Rooftop sign at The Peabody Memphis. Credit: The Peabody Memphis

“More than a hotel, The Peabody Memphis is a place that speaks more to an experience, an adventure almost, that steps right in line with the uniqueness and authenticity that defines Memphis itself,” said Craig Smith, director of sales and marketing, to kick off our hour-long conversation over Jack Daniel’s cocktails at the hotel’s opulent Lobby Bar. “Like the city, the stories here have real teeth.”

The opening chapter began in 1869 with the construction of the original Peabody Memphis. Financed by and named for influential New England philanthropist George Peabody, the 75-room hotel, with its massive lobby and grand ballroom, became the social center of the South for meetings, banquets and special occasions.

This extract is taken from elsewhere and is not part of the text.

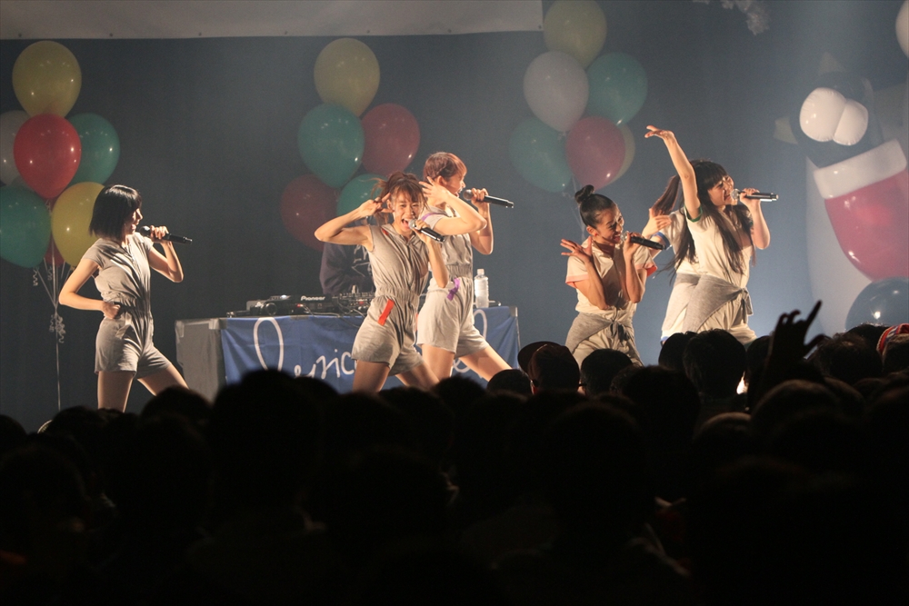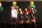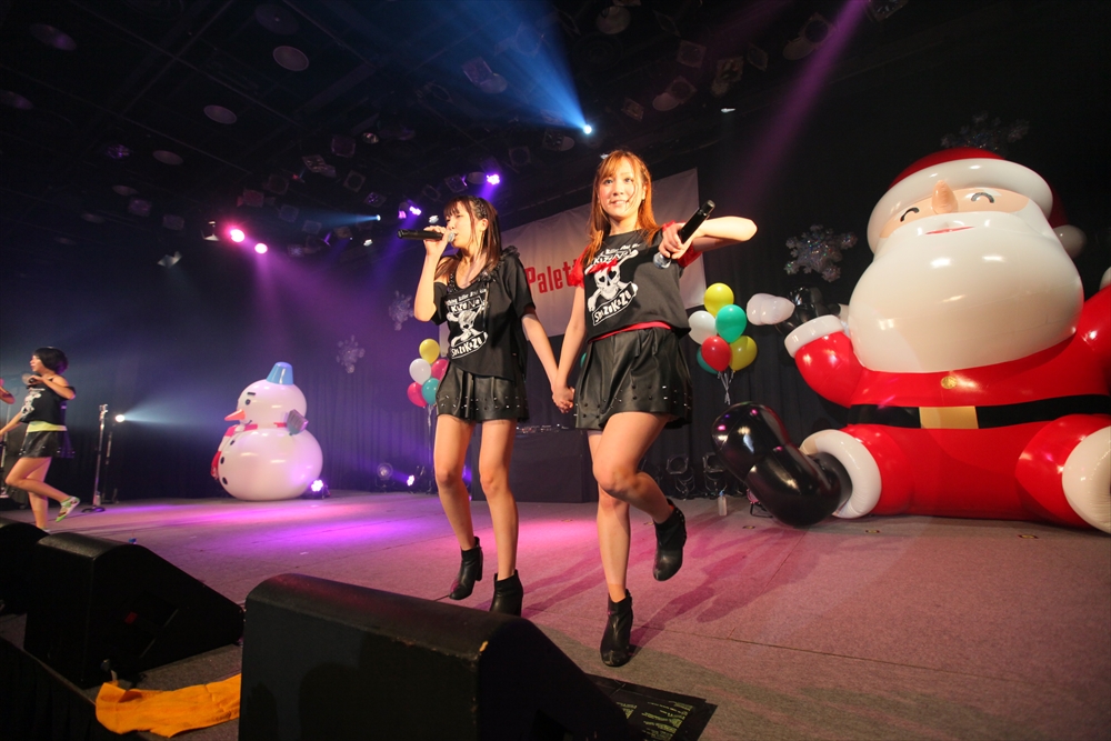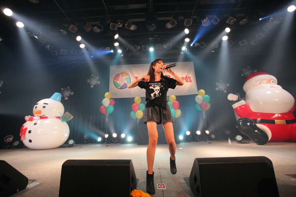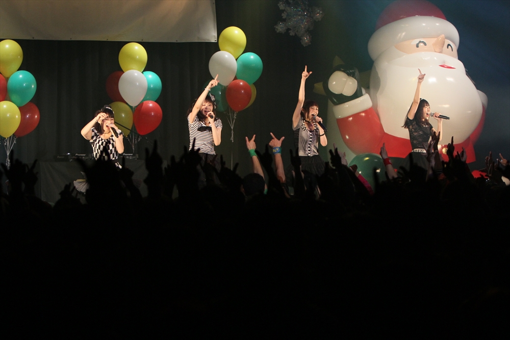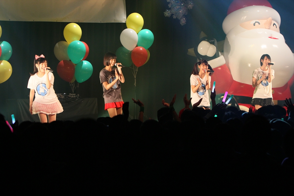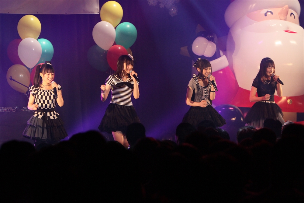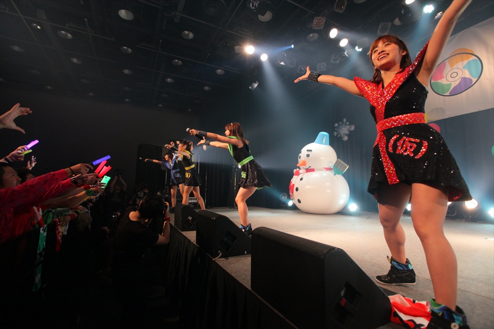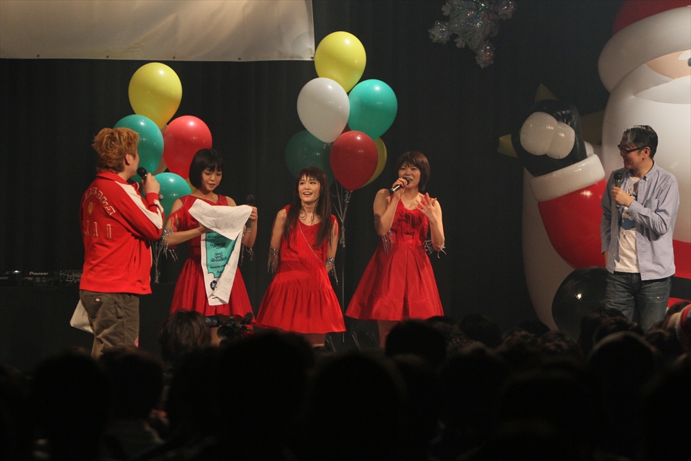 休憩をはさんで、後半の先頭打者を務めたのはNA-NA。お姉さんのキャラメル☆リボンとともに、今年からTパレの仲間に加わった4人組ユニットだ。この日はオリジナル曲2曲、カバー2曲の4曲を披露した。「キャンディー☆マシーンにのって」では、観客にサビでの合の手をお願い。他ユニットのファンに、その名前と実力をしっかりと売り込んだ。来年の抱負について尋ねられると、「全国ツアーをやりたい」と目標を大きく掲げたNA-NA。まだ実現していないTパレからのCDリリースも含めて、来年の活動を嶺脇社長がバックアップする約束も取り付けた。キャラメルリボンへの「ライバル宣言」も飛び出し、これからの飛躍を期待させてくれるライブとなった。

The Peabody Memphis. Credit: The Peabody Memphis
The Peabody Memphis. Credit: The Peabody Memphis

Rebuilt two blocks away in 1925, the larger, grander Peabody, with 625 rooms, cemented its status as the “South’s Grand Hotel.” 

Like Memphis itself, the Italian Renaissance landmark is animated by the rich interweave of stories written by people who gathered here to share ideas around culture, civil rights and the city’s other driving forces. 

The Peabody is entrenched in Memphis’s musical story. In the 1920s, early blues pioneer Furry Lewis, who opened for the Rolling Stones in the 1970s, was among the artists who recorded live blues sessions and played for record executives in the hotel’s guest rooms. In 2014, these rare, long-forgotten foundational songs, including “Rowdy Blues” and “Cottonfield Blues,” were released as the compilation Peabody Blues CD.

In 1939, enclosure of the east side of the hotel’s rooftop created the magnificent Skyway Ballroom. Paired with the adjoining outdoor area, the venues were the place to be for dining and dancing indoors and under the stars.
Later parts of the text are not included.